**RECORDS TO PROCESS:**

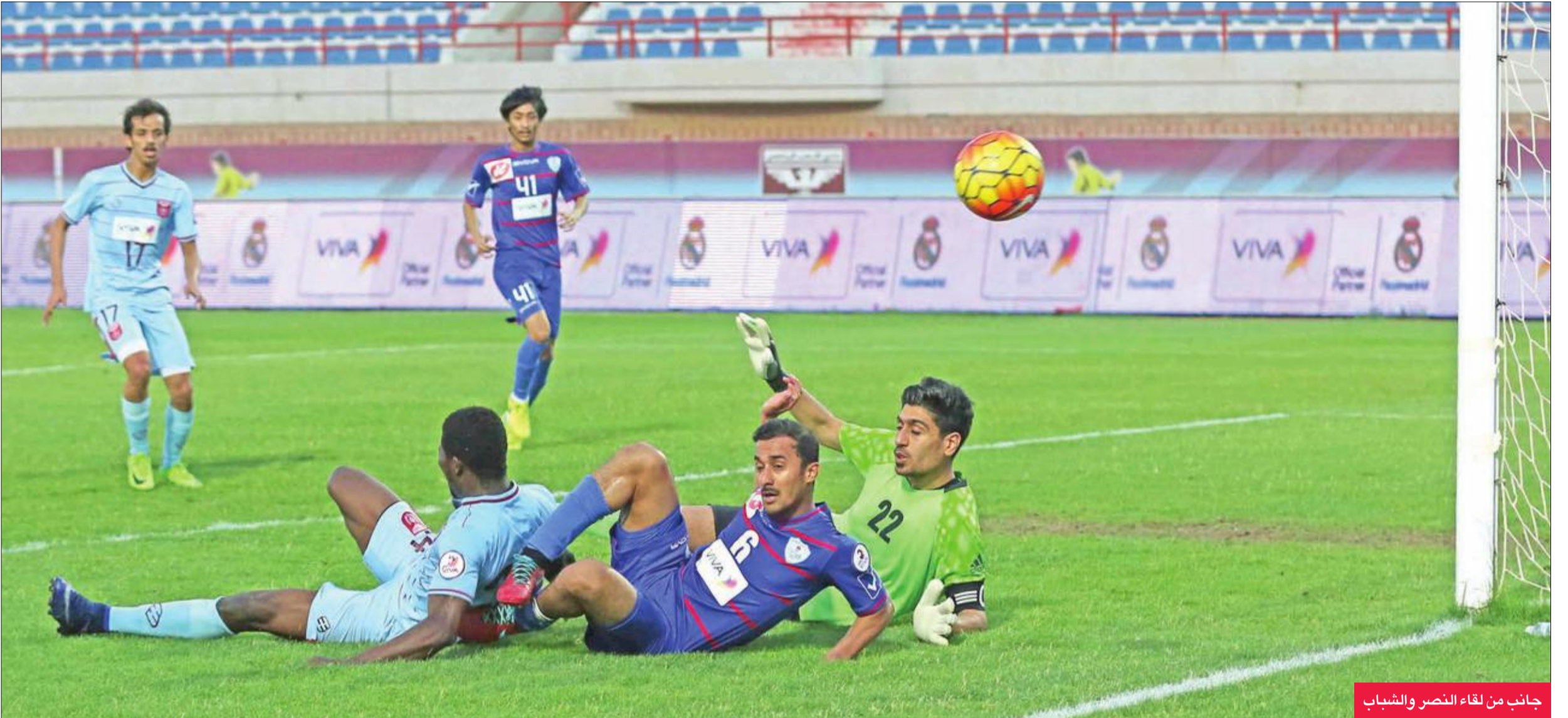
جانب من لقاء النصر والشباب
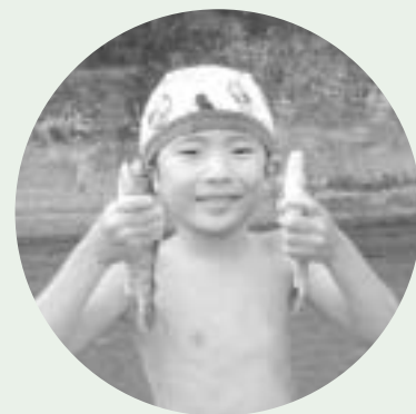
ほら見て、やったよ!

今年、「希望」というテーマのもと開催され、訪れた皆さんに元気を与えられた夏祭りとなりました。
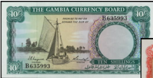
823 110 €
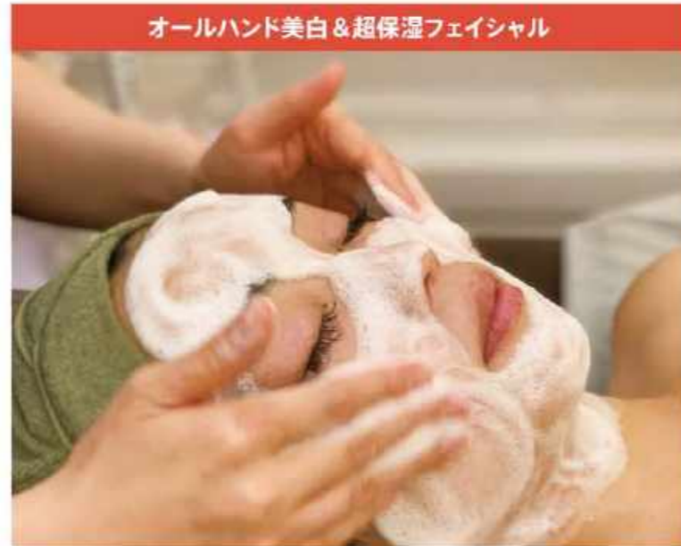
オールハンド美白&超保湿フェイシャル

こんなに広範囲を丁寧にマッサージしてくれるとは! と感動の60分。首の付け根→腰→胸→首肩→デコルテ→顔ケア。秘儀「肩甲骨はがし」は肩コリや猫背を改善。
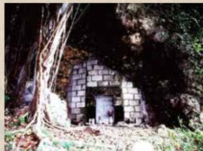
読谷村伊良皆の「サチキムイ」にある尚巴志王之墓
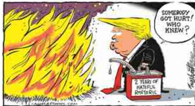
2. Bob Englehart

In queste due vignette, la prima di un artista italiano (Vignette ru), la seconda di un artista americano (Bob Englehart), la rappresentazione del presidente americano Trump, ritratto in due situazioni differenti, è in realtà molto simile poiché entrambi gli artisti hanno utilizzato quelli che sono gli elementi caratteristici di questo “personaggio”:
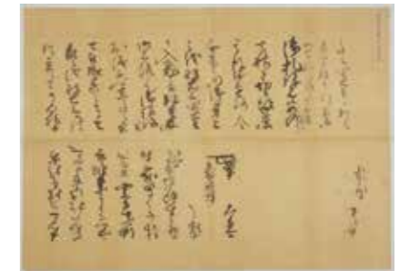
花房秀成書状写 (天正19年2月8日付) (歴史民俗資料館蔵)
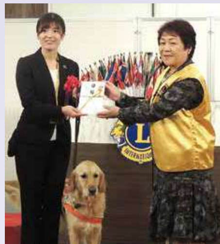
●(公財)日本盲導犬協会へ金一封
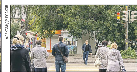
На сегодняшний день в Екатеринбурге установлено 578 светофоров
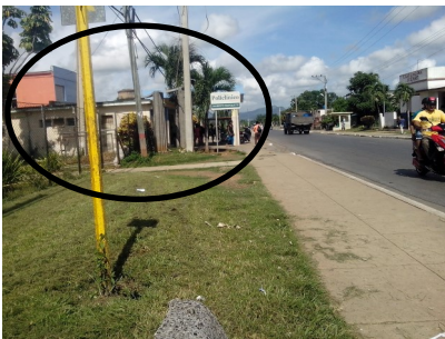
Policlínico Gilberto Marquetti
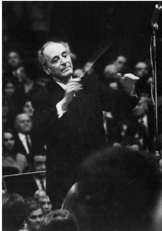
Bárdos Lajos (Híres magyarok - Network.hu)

**YOUR TASK:**
What is wanted is a copy of every line in the listing that includes the word "Englehart".

**RESPONSE TO THIS EXERCISE:**
2. Bob Englehart
In queste due vignette, la prima di un artista italiano (Vignette ru), la seconda di un artista americano (Bob Englehart), la rappresentazione del presidente americano Trump, ritratto in due situazioni differenti, è in realtà molto simile poiché entrambi gli artisti hanno utilizzato quelli che sono gli elementi caratteristici di questo “personaggio”:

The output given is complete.